The amount of hyper-reflexia--just how jumpy the knee-jerk reflex is--is a rather subjective way to add to the alarm in severe gestational hypertension. Swelling is probably the least reliable, but when central swelling of the face shows up, there are usually enough of the other things happening to make this an incidental finding.

As mentioned above, a rise in the blood pressure by 30/15 (for example, 90/50 ---> 120/70) over the course of the pregnancy is a diagnostic criterium, even though the final pressures may seem normal from what's normal in the general population. This is why prenatal care is so important.
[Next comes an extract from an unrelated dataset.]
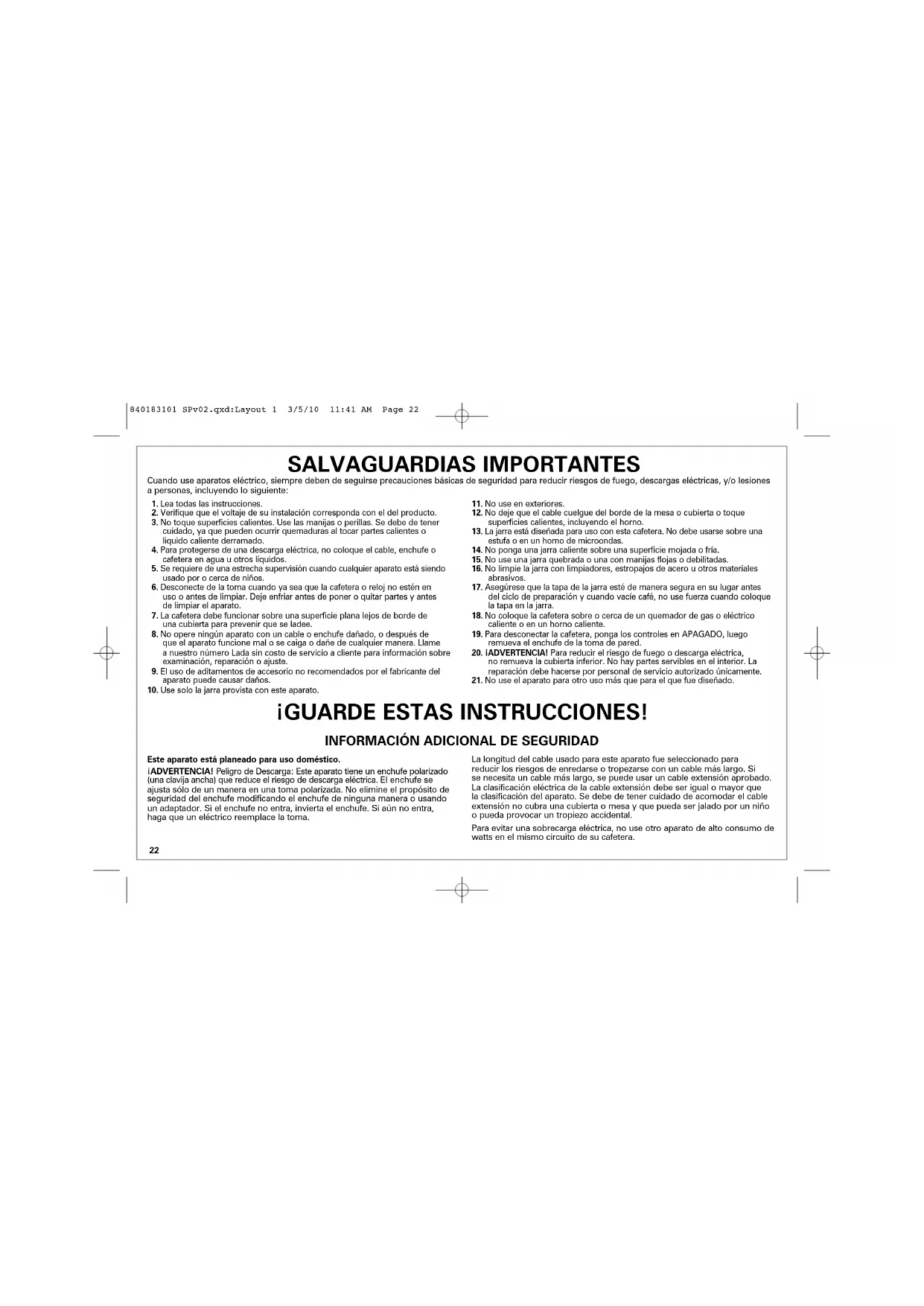 EXCEPCIONES Esta garantía no será efectiva en los siguientes casos: a) Cuando el producto se hubiese utlizado en condiciones distintas a las normales. (Uso industrial, semi-industrial o comercial.) b) Cuando el producto no hubiese sido operado de acuerdo con el instructivo de uso. c) Cuando el producto hubiese sido alterado o reparado por personas no autorizadas por Grupo HB PS, S.A. de C.V. el fabricante nacional, importador o comercializador responsable respectivo. El consumidor puede solicitar que se haga efectiva la garantía ante la propia casa comercial donde adquirió su producto, siempre y cuando Grupo HB PS, S.A. de C.V. no cuente con talleres de servicio. 840183101 SPv02.qxd:Layout 1 3/5/10 11:41 AM Page 313/10

It's not unheard of for a woman to present for the first time in late pregnancy with what seemed like a normal pressure (and nothing prior to compare it to) who would then surprise everyone with a seizure.
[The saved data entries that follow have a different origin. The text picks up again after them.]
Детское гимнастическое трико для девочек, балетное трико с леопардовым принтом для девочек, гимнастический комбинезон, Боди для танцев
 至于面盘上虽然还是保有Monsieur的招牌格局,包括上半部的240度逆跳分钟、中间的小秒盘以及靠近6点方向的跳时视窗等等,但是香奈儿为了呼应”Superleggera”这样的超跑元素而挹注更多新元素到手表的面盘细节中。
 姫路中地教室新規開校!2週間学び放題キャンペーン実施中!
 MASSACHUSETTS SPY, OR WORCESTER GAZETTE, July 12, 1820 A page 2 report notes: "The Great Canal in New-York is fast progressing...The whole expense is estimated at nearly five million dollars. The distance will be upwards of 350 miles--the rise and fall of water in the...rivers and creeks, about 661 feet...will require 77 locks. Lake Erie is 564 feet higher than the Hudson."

Management of gestational hypertension

If a patient has only mild disease, this can be followed conservatively, but there are those who will argue that there is no such thing as "mild" gestational hypertension and advise delivery as soon as the baby is deemed lung-mature. Bed rest, a low salt diet, and peace and quiet are the treatment before delivery, and this regimen hasn't changed in over a hundred years. Of course close observation with frequent blood pressures, serial 24-hour urine collections, and liver and coagulation studies go with this conservative treatment. That's how we watch the mother. We do non-stress tests and biophysical profiles to watch the baby. As soon as the patient's cervix is inducible near term, induction for delivery is recommended.
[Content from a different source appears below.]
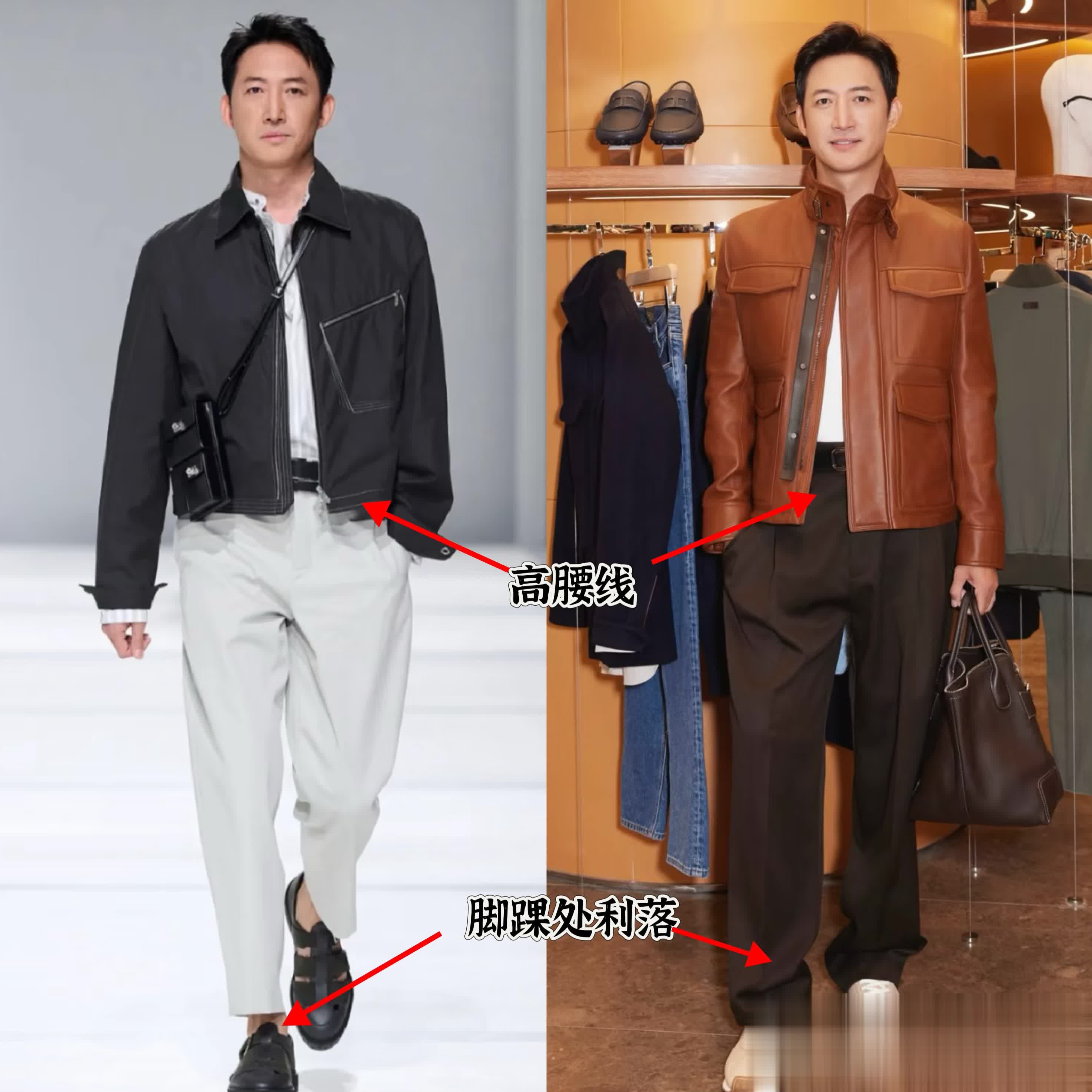 在具体搭配的时候,王阳就很懂这一点,选剪裁挺括、线条感强的衣服和裤子,搭配的时候靠着塞衣角、系腰带划分腰身,同时也注重腰线和版型,这笔直的大长腿就是这么穿出来的。

If a patient has severe disease, delivery will be indicated regardless of the gestational age, possibly creating peril for the baby if it's too early. And in cases that are of intermediate severity, the judgement of the obstetrician and how fast the situation is deteriorating will determine the decision that is individualized for the patient's unique situation. Sometimes in an "iffy" transition period from prematurity to maturity, an amniocentesis can prove or disprove lung maturity, prompting delivery or championing waiting as long as the gestational hypertension is stable.

Magnesium sulfate is a muscle-relaxer that is used to compete with calcium, decreasing the risk of seizure. The amount used is increased until the knee-jerk reflex is just about absent (but it's really adjusted based on blood levels). It is a safe medicine but needs careful monitoring--levels too high will cause respiratory depression. It also is useful in stopping premature labor. Lately it has been implicated in possilby affecting the unborn baby unfavorably, but this risk is far outweighed by the benefit because of what we're dealing with here.

The longer a patient is pregnant, the more severe the disease can become. This is not so much a matter of how long the patient has been pregnant, but how pregnant she is. What I'm getting at is that twins and triplets can cause PIH sooner than usual, and the severity can increase faster than usual. These are already high-risk conditions for premature delivery, so adding the complication of PIH makes a multiple gestation even more dangerous.

Gestational Hypertension Can Get Worse

There are some particularly sinister forms of gestational hypertension. Thrombocytopenia (low platelet count) can appear as a sole problem. Since platelets are part of the blood-clotting system, hemorrhage and strokes can occur if the platelet count gets low enough. HELLP syndrome (low platelets associated with liver disease) is an obstetrical emergency and requires prompt delivery.

Treatment with anti-hypertensives in gestational hypertension is useful in lowering the blood pressure, but merely making the blood pressure go down won't stop the disease. The damage and danger will still rage in the background.

 

In gestational hypertension, the high blood pressure is not the disease, but an effect of the disease. (In chronic hypertension, for the most part, high blood pressure really is the disease

True, pregnancy and delivery are natural events. But things like chronic hypertension and gestational hypertension are what prenatal care is all about. Watchful waiting is better than just waiting.